TASK ITEM —
Repeat the data that follows verbatim. Images are not part of the copy.

ENTRIES PROVIDED —

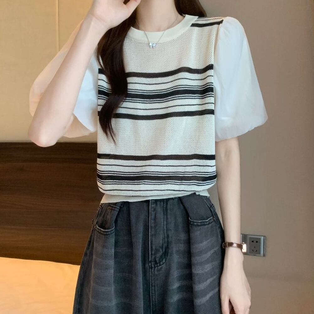 シフォンの立体的な袖が付いているので、ブラウスのような感覚で着られるきれい見えサマーニット
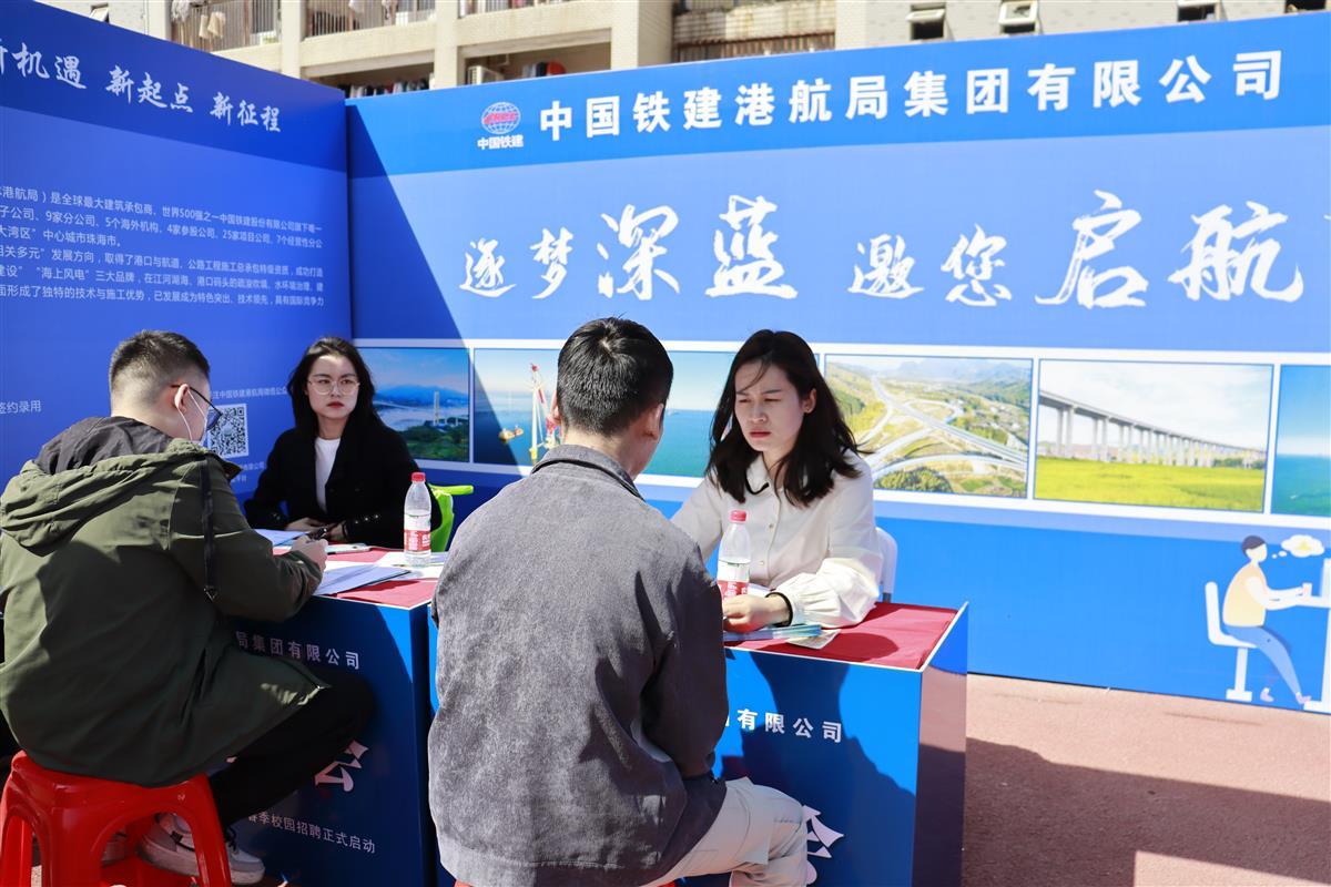 中国铁建港航局集团有限公司为此次招聘会提供了港船运管类、施工管理类、工程技术类、财经法务类、人文综管类五个覆盖了50多个专业类别的岗位。该公司武汉分公司人力资源部经理陈雪介绍:“已经连续多年参加了武科大校招,且都是申请专场招聘会。这次招聘规模远大于之前,到场咨询学生更多,招收到的专业对口学生也更多,情况非常满意。”她表示,未来几天六所学校都会前往宣传,希望今年能招到更多就业人才。
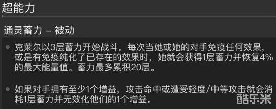 在封对手增益期间,对手出的每一个增益都会转为寡姐的1个通灵蓄力数和4%能量。
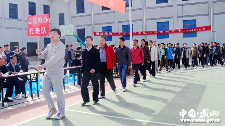 “五·一”國(guó)際勞動(dòng)節(jié)來(lái)臨之際,為豐富全縣廣大干部職工文體生活,給大家營(yíng)造一個(gè)健身強(qiáng)體的和諧氛圍,進(jìn)一步推動(dòng)全縣體育事業(yè)健康發(fā)展,4月12日,武山縣“安康杯”干部職工籃球賽在縣群眾文化中心開(kāi)賽?h人大常委會(huì)副主任、縣總工會(huì)主席蔡永彥出席開(kāi)幕式并講話(huà);籃球賽組委會(huì)成員、裁判員、教練員、運(yùn)動(dòng)員和各鄉(xiāng)鎮(zhèn)、縣直各部門(mén)、企事業(yè)單位有關(guān)人員共計(jì)300多人參加開(kāi)幕式!
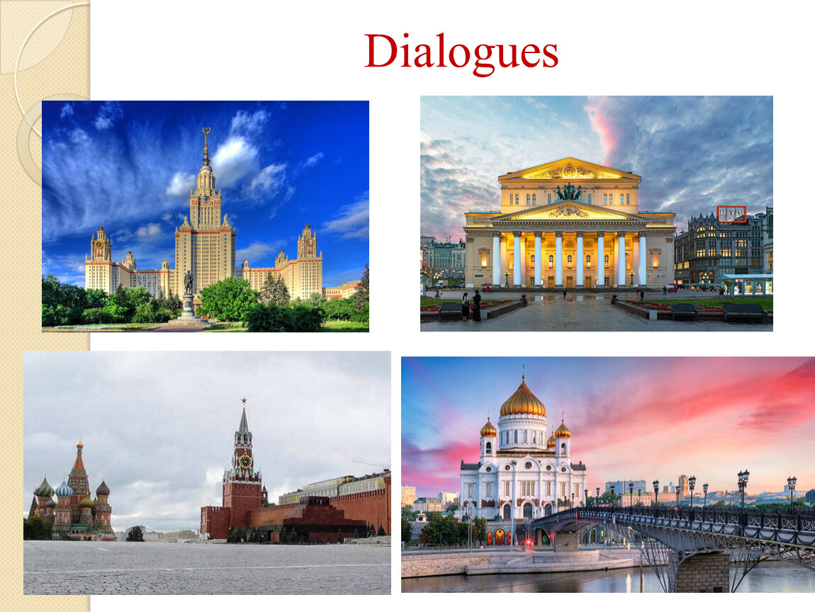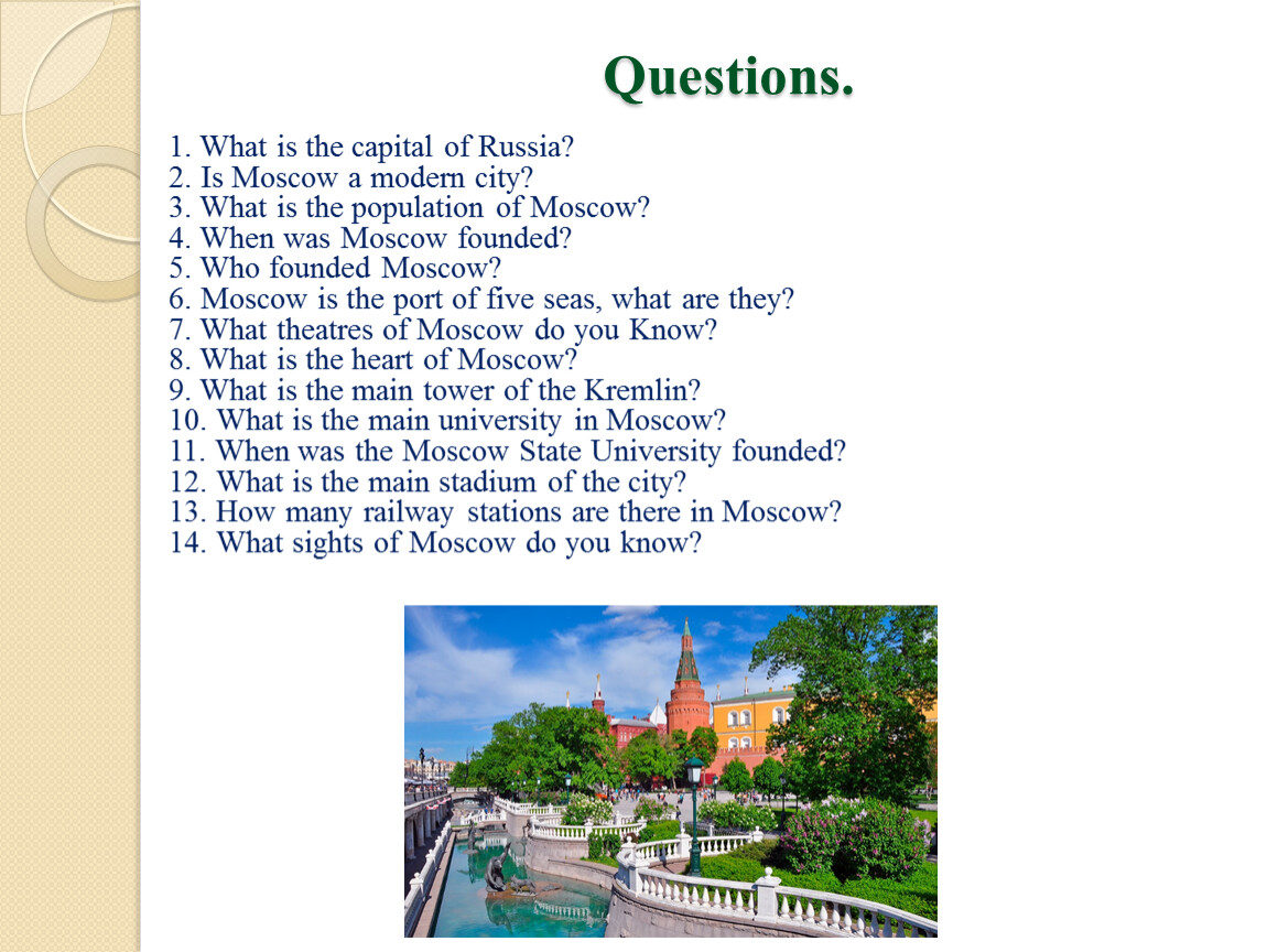 1. What is the capital of Russia?2. Is Moscow a modern city?3. What is the population of Moscow?4. When was Moscow founded?5. Who founded Moscow?6. Moscow is the port of five seas, what are they?7. What theatres of Moscow do you Know?8. What is the heart of Moscow?9. What is the main tower of the Kremlin?10. What is the main university in Moscow?11. When was the Moscow State University founded?12. What is the main stadium of the city?13. How many railway stations are there in Moscow?14. What sights of Moscow do you know?
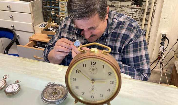 Konya'da çırak olarak 10 yaşında saat tamirciliği mesleğine başlayan Abdullah Özpınar, 10 metrekare dükkanda 41 yıldır saat tamir ediyor.
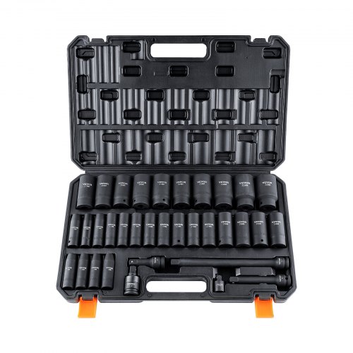 Juego de dados de impacto VEVOR de 3/8", 25 piezas, SAE de 5/16" a 1", 6 puntas, acero de aleación Cr-Mo para reparación de automóviles, marcas de tamaño fáciles de leer, construcción robusta, incluye estuche.
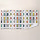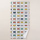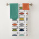 Dieses Handtuch-Set ist mit einem Badehandtuch ausgestattet, das Mitte des Jahrhunderts in Retrofarben wiederholt rechteckige und ovale Ovale aufweist, mit einem orangefarbenen Waschtuch und einem türkisfarbenen Handtuch.
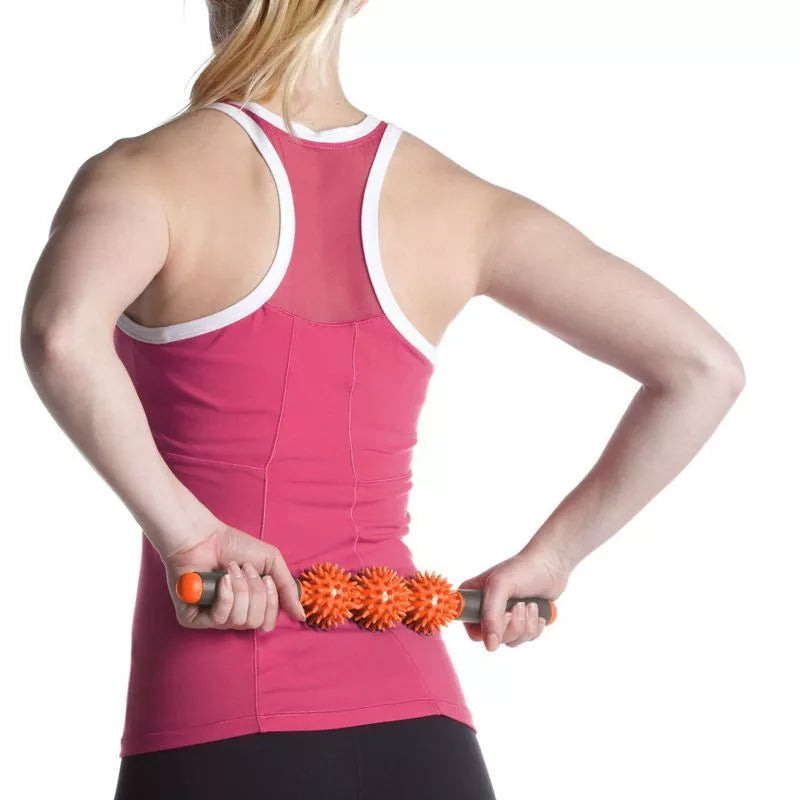 Su šiuo „Gaiam“ masažiniu voleliu stimuliuosite kraujotaką ir malšinsite raumenų skausmą. Volelis yra 41 cm ilgio, turi ergonomiškas, patogias rankenas ir tris nepriklausomus volelius su narelėmis. Rankenos leidžia laikyti volelį rankoje, nereikia jį atremti į sieną. Taip pat galite puikiai reguliuoti masažuoklio spaudimą pagal savo poreikius. Visos dalys laisvai sukasi, užtikrindamos maksimalią raumenų stimuliaciją.
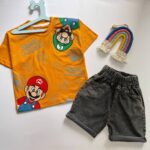 😎 استایل گنگ و راحتی بینظیر با ست تیشرت و شلوارک کرومی! 😈🤘 این ست با پارچه نرم و لطیف، بهترین انتخاب برای بازی و فعالیتهای روزمره کوچولوهای خاص شماست. کرومی منتظرشونه! 🎀☠️

ANSWER FOR THE TASK —
 シフォンの立体的な袖が付いているので、ブラウスのような感覚で着られるきれい見えサマーニット
 中国铁建港航局集团有限公司为此次招聘会提供了港船运管类、施工管理类、工程技术类、财经法务类、人文综管类五个覆盖了50多个专业类别的岗位。该公司武汉分公司人力资源部经理陈雪介绍:“已经连续多年参加了武科大校招,且都是申请专场招聘会。这次招聘规模远大于之前,到场咨询学生更多,招收到的专业对口学生也更多,情况非常满意。”她表示,未来几天六所学校都会前往宣传,希望今年能招到更多就业人才。
 在封对手增益期间,对手出的每一个增益都会转为寡姐的1个通灵蓄力数和4%能量。
 “五·一”國(guó)際勞動(dòng)節(jié)來(lái)臨之際,為豐富全縣廣大干部職工文體生活,給大家營(yíng)造一個(gè)健身強(qiáng)體的和諧氛圍,進(jìn)一步推動(dòng)全縣體育事業(yè)健康發(fā)展,4月12日,武山縣“安康杯”干部職工籃球賽在縣群眾文化中心開(kāi)賽?h人大常委會(huì)副主任、縣總工會(huì)主席蔡永彥出席開(kāi)幕式并講話(huà);籃球賽組委會(huì)成員、裁判員、教練員、運(yùn)動(dòng)員和各鄉(xiāng)鎮(zhèn)、縣直各部門(mén)、企事業(yè)單位有關(guān)人員共計(jì)300多人參加開(kāi)幕式!
 1. What is the capital of Russia?2. Is Moscow a modern city?3. What is the population of Moscow?4. When was Moscow founded?5. Who founded Moscow?6. Moscow is the port of five seas, what are they?7. What theatres of Moscow do you Know?8. What is the heart of Moscow?9. What is the main tower of the Kremlin?10. What is the main university in Moscow?11. When was the Moscow State University founded?12. What is the main stadium of the city?13. How many railway stations are there in Moscow?14. What sights of Moscow do you know?
 Konya'da çırak olarak 10 yaşında saat tamirciliği mesleğine başlayan Abdullah Özpınar, 10 metrekare dükkanda 41 yıldır saat tamir ediyor.
 Juego de dados de impacto VEVOR de 3/8", 25 piezas, SAE de 5/16" a 1", 6 puntas, acero de aleación Cr-Mo para reparación de automóviles, marcas de tamaño fáciles de leer, construcción robusta, incluye estuche.
 Dieses Handtuch-Set ist mit einem Badehandtuch ausgestattet, das Mitte des Jahrhunderts in Retrofarben wiederholt rechteckige und ovale Ovale aufweist, mit einem orangefarbenen Waschtuch und einem türkisfarbenen Handtuch.
 Su šiuo „Gaiam“ masažiniu voleliu stimuliuosite kraujotaką ir malšinsite raumenų skausmą. Volelis yra 41 cm ilgio, turi ergonomiškas, patogias rankenas ir tris nepriklausomus volelius su narelėmis. Rankenos leidžia laikyti volelį rankoje, nereikia jį atremti į sieną. Taip pat galite puikiai reguliuoti masažuoklio spaudimą pagal savo poreikius. Visos dalys laisvai sukasi, užtikrindamos maksimalią raumenų stimuliaciją.
 😎 استایل گنگ و راحتی بینظیر با ست تیشرت و شلوارک کرومی! 😈🤘 این ست با پارچه نرم و لطیف، بهترین انتخاب برای بازی و فعالیتهای روزمره کوچولوهای خاص شماست. کرومی منتظرشونه! 🎀☠️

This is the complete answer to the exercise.